Statements for which consensus was reached included all 12 items in the module on fundamentals of fluorescent-guided surgery, 4 of 6 in the module on patient selection and preparation, all 8 items in the module on technical aspects of fluorescence imaging and ICG use, and 17 of 18 in the module on indications for and effectiveness of fluorescence imaging with ICG. Among the 26 statements for which experts were asked to agree or disagree, agreement was the consensus vote for 20 (76.9%).

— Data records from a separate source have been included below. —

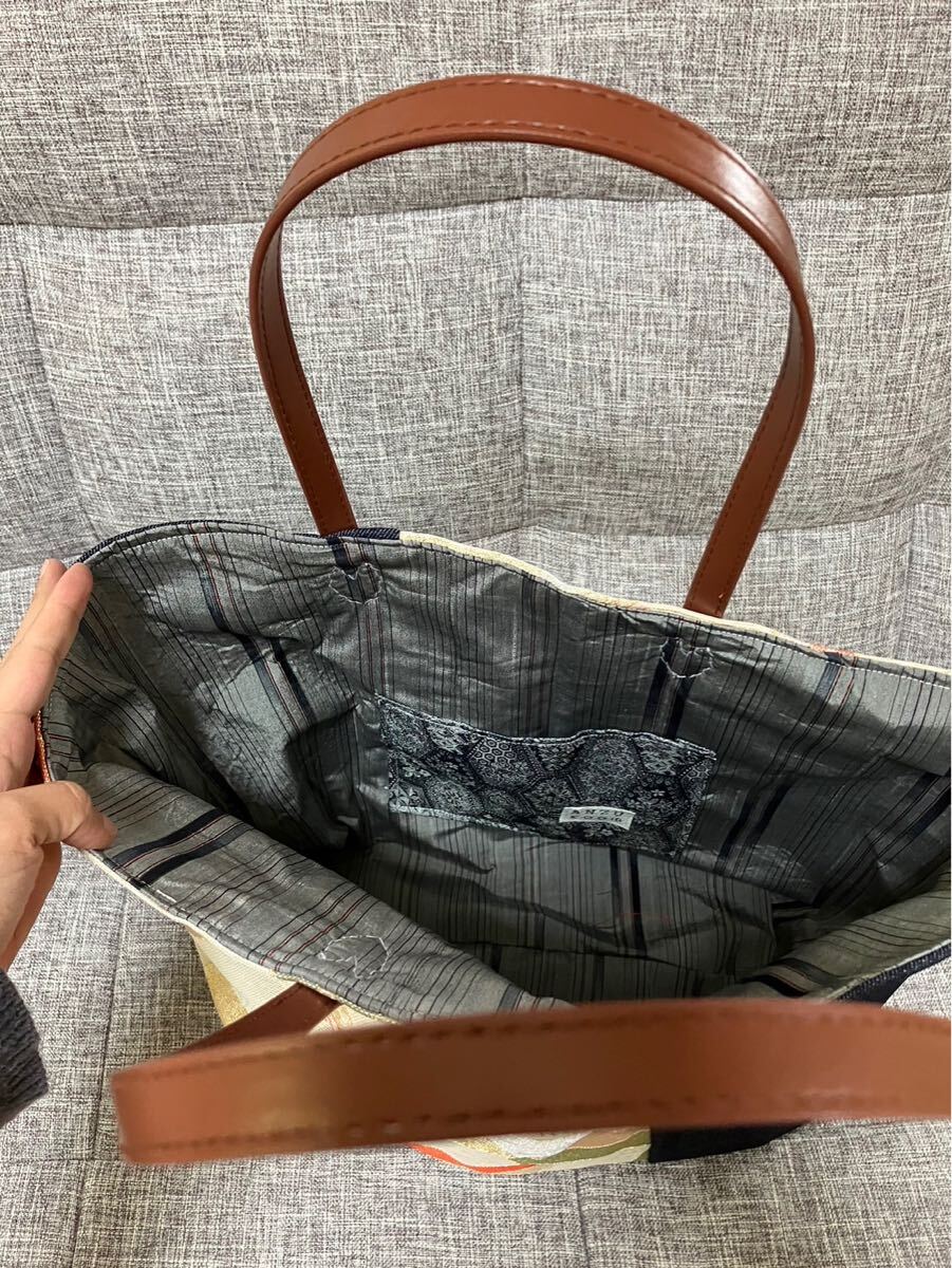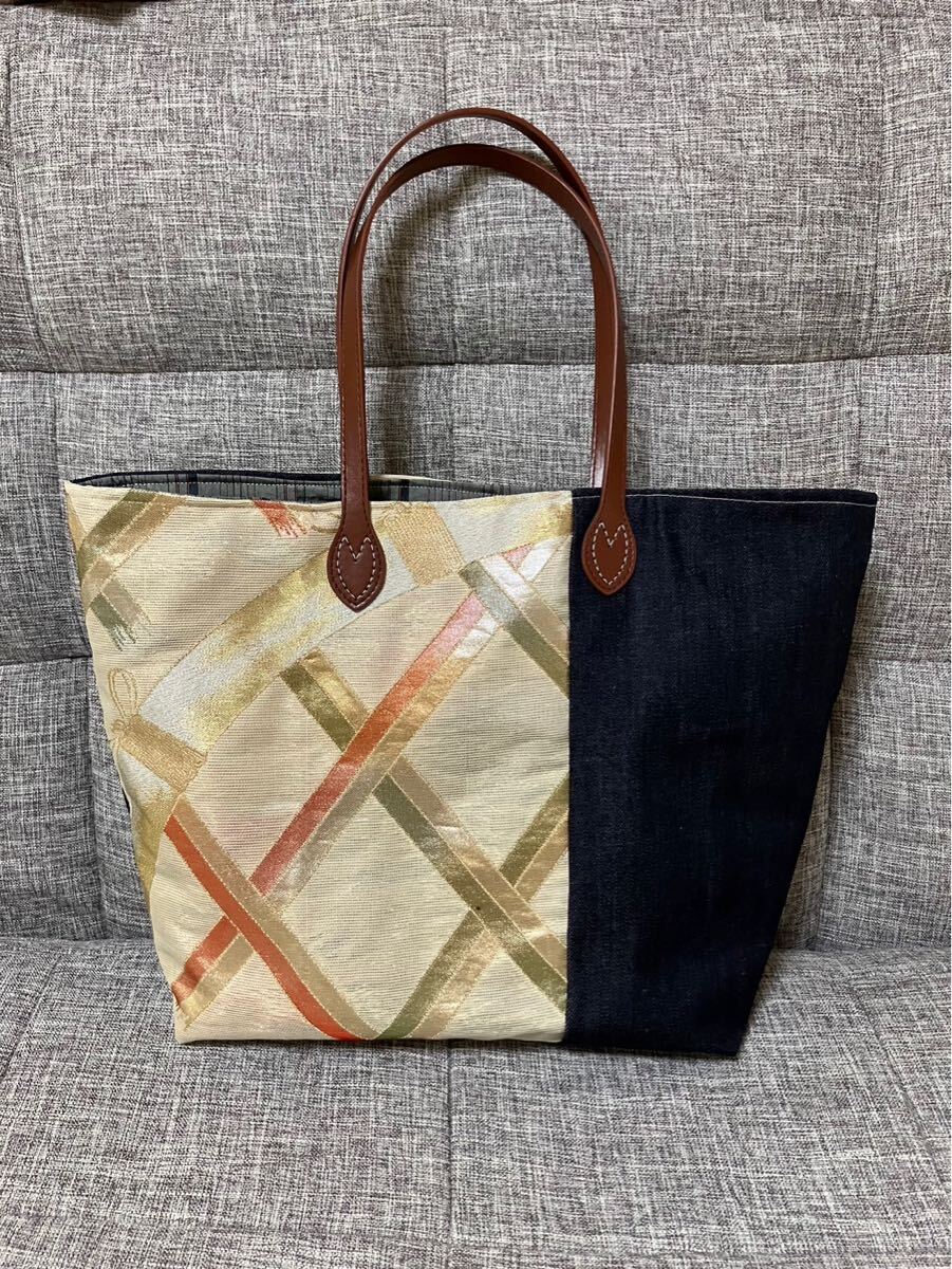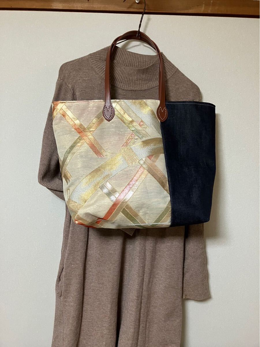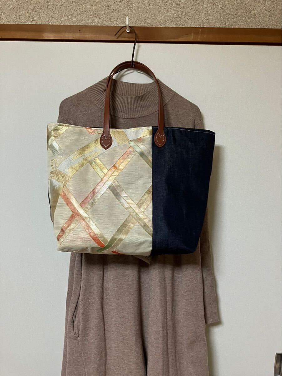 表地は着物の帯のリメイク 、裏地は着物のリメイクです。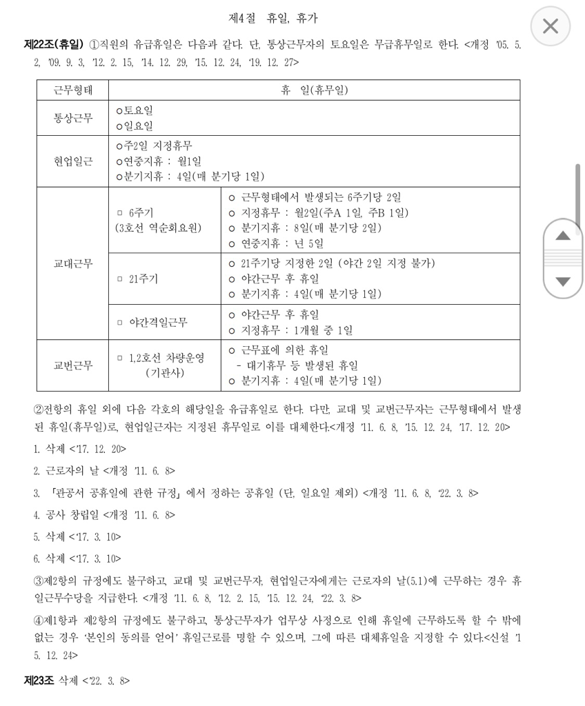 따라서 교대 근무에 따라 주중 부여되는 기존의 휴일(휴무일)과 대체하는 것은 바람직하지 않을 것으로 판단됩니다.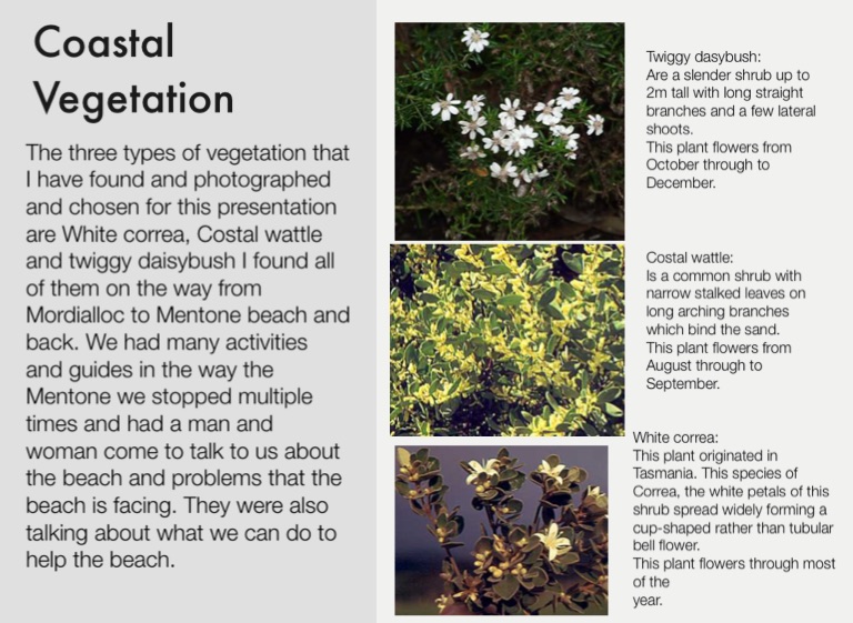 The three types of vegetation that I have found and photographed and chosen for this presentation are White correa, Costal wattle and twiggy daisybush I found all of them on the way from Mordialloc to Mentone beach and back. We had many activities and guides in the way the Mentone we stopped multiple times and had a man and woman come to talk to us about the beach and problems that the beach is facing. They were also talking about what we can do to help the beach.

Among the 41 statements/questions on which consensus was reached, the range of consensus was from 100% (on 10 items) to a low of 72.2% (13/18 voters). The 10 items for which 100% consensus was reached were: “In general, the use of fluorescence-guidance during surgery should be considered very safe” (selected response = agree); “In general, the use of ICG during fluorescence-guided surgery should be considered very safe” (agree); “Using fluorescence technology, with or without ICG, increases, decreases or has no effect on the overall cost of a patient's peri- and postoperative care” (decreases); “Fluorescence imaging technology has the potential to dramatically facilitate many surgical procedures” (agree); “Fluorescence imaging technology has the potential to significantly enhance patient outcomes” (agree); “In general, fluorescence imaging is an important tool for the evaluation of tissue perfusion” (agree); “Over the next decade, do you see the role of fluorescence-guided surgery in clinical practice increasing, decreasing or remaining the same?” (increasing); “Over the next decade, do you see the role of fluorescence-guided surgery in clinical research increasing, decreasing or remaining the same?” (increasing); “Fluorescence imaging, with and without ICG, is useful for training surgical residents” (agree); and “Fluorescence imaging, with and without ICG, is useful for surgical quality control” (agree).

Consensus could not be reached for 3 items: “Patients undergoing a procedure using fluorescence technology should generally be asked to give informed written consent,” a statement with which the percentage agreeing declined from 63% to 59% from Round 1 to Round 2; “Patients undergoing a procedure using ICG should generally be asked to give written informed consent,” with which the percentage agreeing declined from 53% to 46%; and “At what stage of training should doctors be taught about fluorescence imaging: medical school or residency?,” for which the percentage selecting medical school rose only slightly, from 47% to 55% over the 2 rounds.

DISCUSSION

When assessing the results of any Delphi survey, it is important to appreciate that these results do not necessarily indicate truth; what they demonstrate is the degree of consensus that can be reached in the opinions of field experts. This said, the expert panel selected for the current survey was comprised of widely acknowledged leaders in the field of fluorescence-guided surgery, all having published research in the field, and 17 of 19 having academic appointments. All are highly versed in the literature currently published on fluorescence-guided surgery and the use of ICG, and this is reflected in their voting, particularly with respect to the effectiveness and safety of fluorescence imaging and ICG use.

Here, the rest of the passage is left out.